### DIRECTIONS:
Every word in the data below belongs in your copy, exactly as given; the pictures do not.

### SUPPLIED INFORMATION:
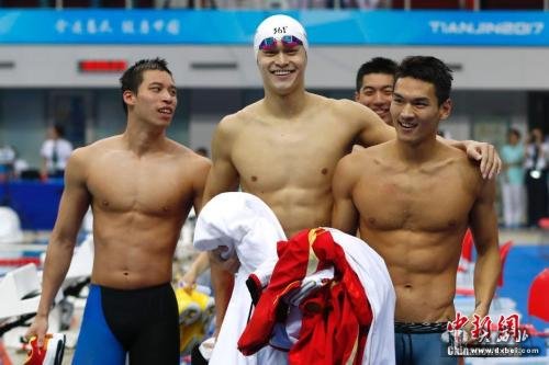 资料图:孙杨和徐嘉余。中新社记者富田摄
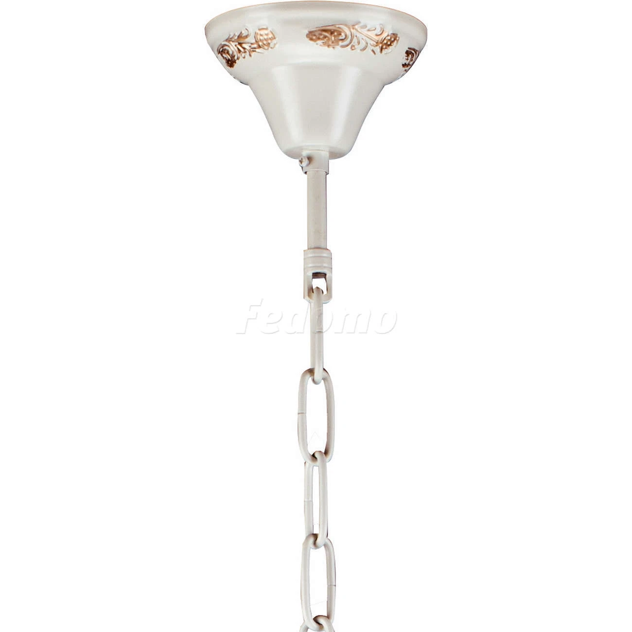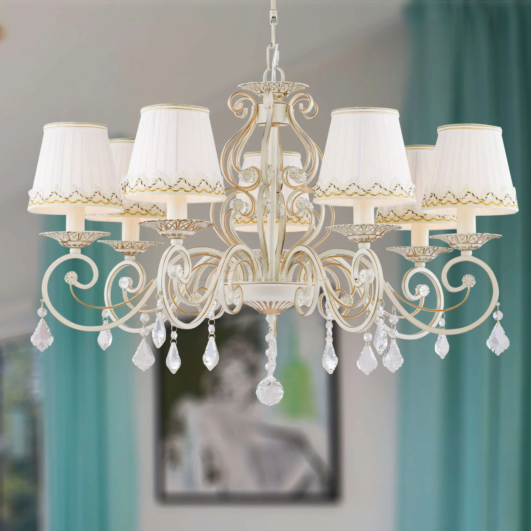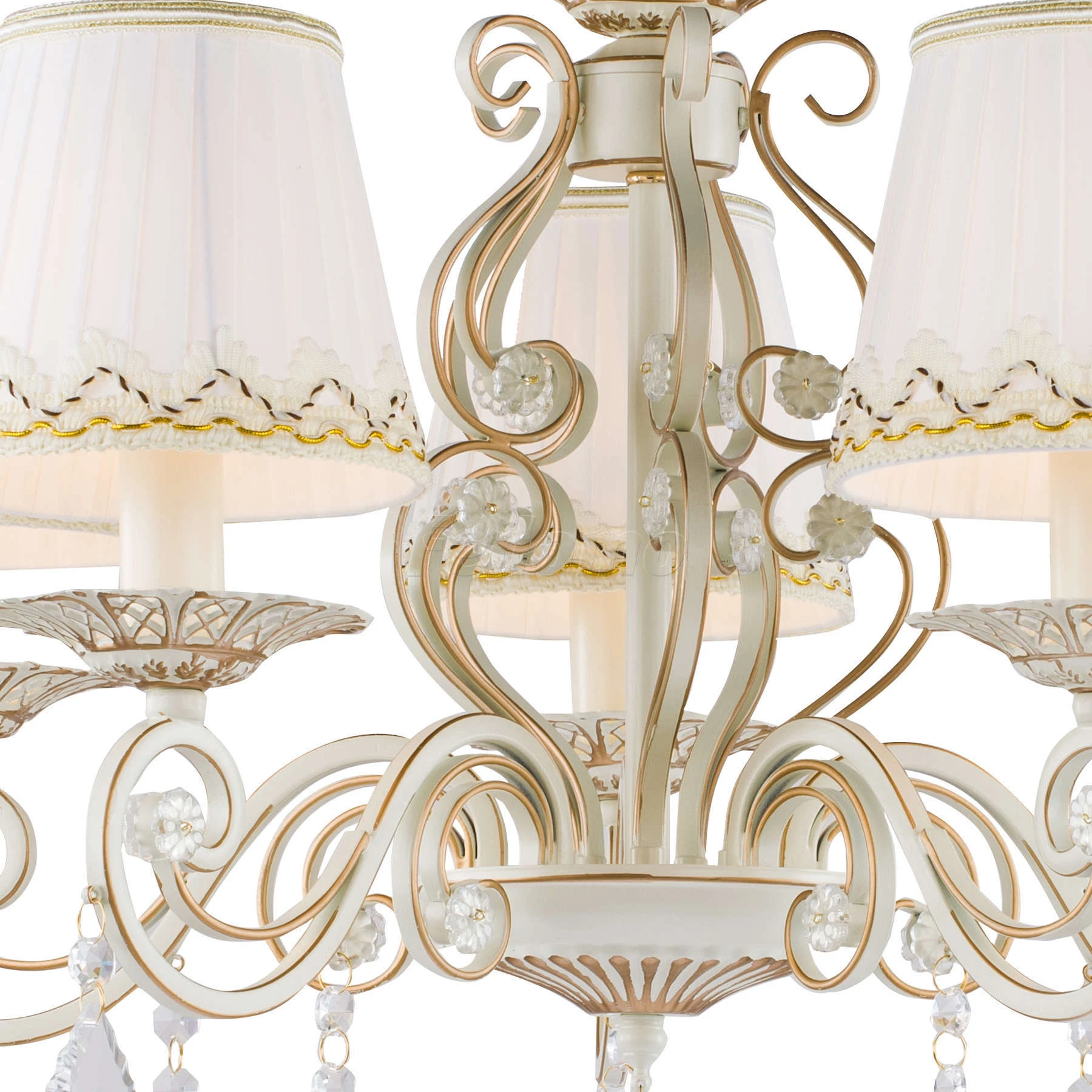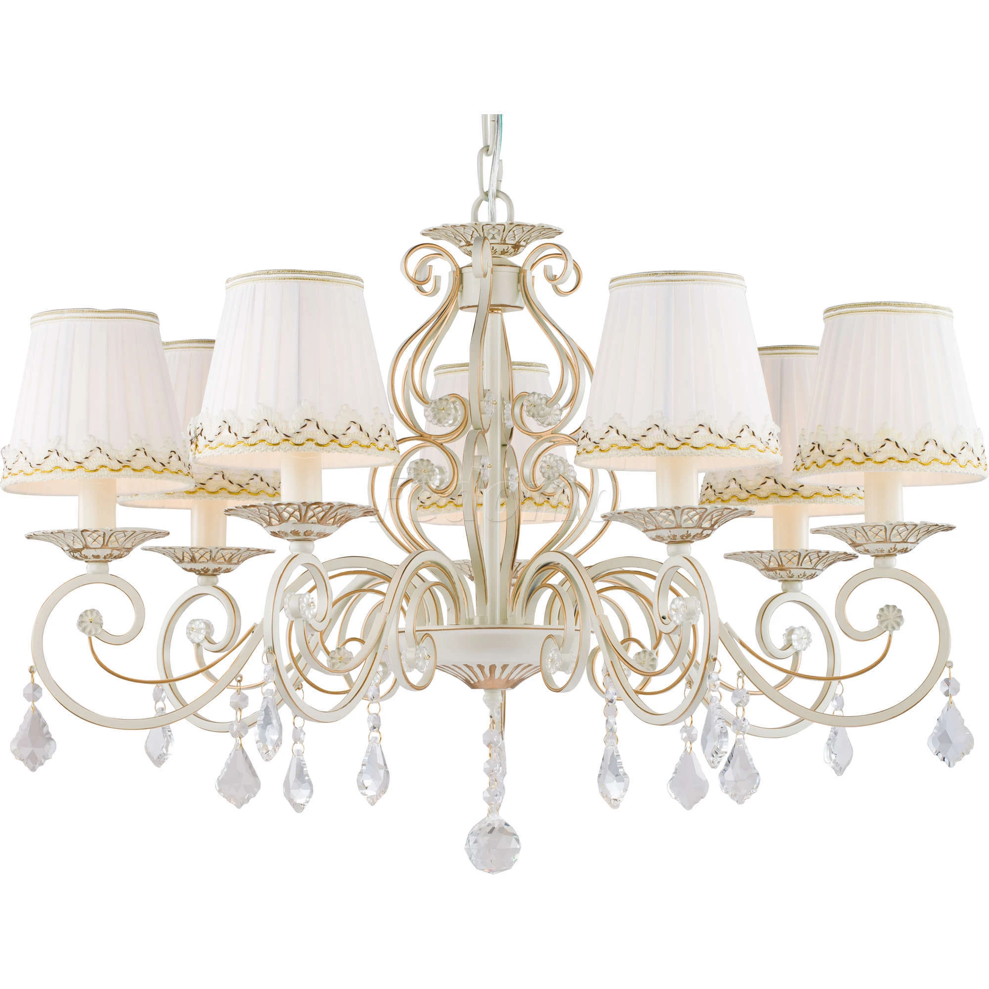 Лампы 7*E14*40W, excluded. Каркас окрашен в цвет слоновой кости с позолотой, абажур из белой ткани украшен тесьмой с золотистым узором, хрустальные подвески высшего качества. Материал и цвет арматуры металл, цвет слоновая кость с золотом. Плафон белая ткань с золотистой тесьмой. Цвет хрусталя прозрачный. Декор прозрачный хрусталь.
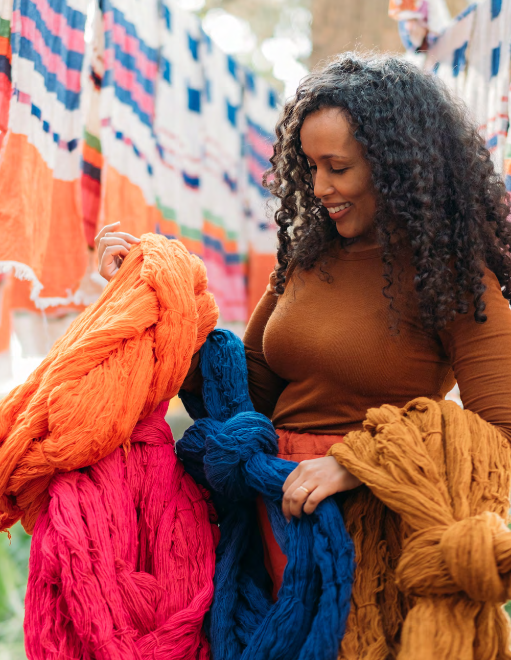 “My intention with each piece was to honor and pay homage to the original artworks so that the conversation could be as much about their lineage and craftsmanship as it is about this new collection,” Getachew concludes. “I’m especially proud to create this collection with my longtime partners in Ethiopia, Sabahar, who have been with Bolé Road since the very beginning. This spring, as we celebrate our 10-year anniversary, it feels especially meaningful to highlight the enduring skill and artistry of African textile traditions. The pieces Sabahar’s artisans hand-dyed, hand-loomed, and hand-stitched for this collection are a living testament to that legacy.”

### THE COMPLETED TASK:
 资料图:孙杨和徐嘉余。中新社记者富田摄
 Лампы 7*E14*40W, excluded. Каркас окрашен в цвет слоновой кости с позолотой, абажур из белой ткани украшен тесьмой с золотистым узором, хрустальные подвески высшего качества. Материал и цвет арматуры металл, цвет слоновая кость с золотом. Плафон белая ткань с золотистой тесьмой. Цвет хрусталя прозрачный. Декор прозрачный хрусталь.
 “My intention with each piece was to honor and pay homage to the original artworks so that the conversation could be as much about their lineage and craftsmanship as it is about this new collection,” Getachew concludes. “I’m especially proud to create this collection with my longtime partners in Ethiopia, Sabahar, who have been with Bolé Road since the very beginning. This spring, as we celebrate our 10-year anniversary, it feels especially meaningful to highlight the enduring skill and artistry of African textile traditions. The pieces Sabahar’s artisans hand-dyed, hand-loomed, and hand-stitched for this collection are a living testament to that legacy.”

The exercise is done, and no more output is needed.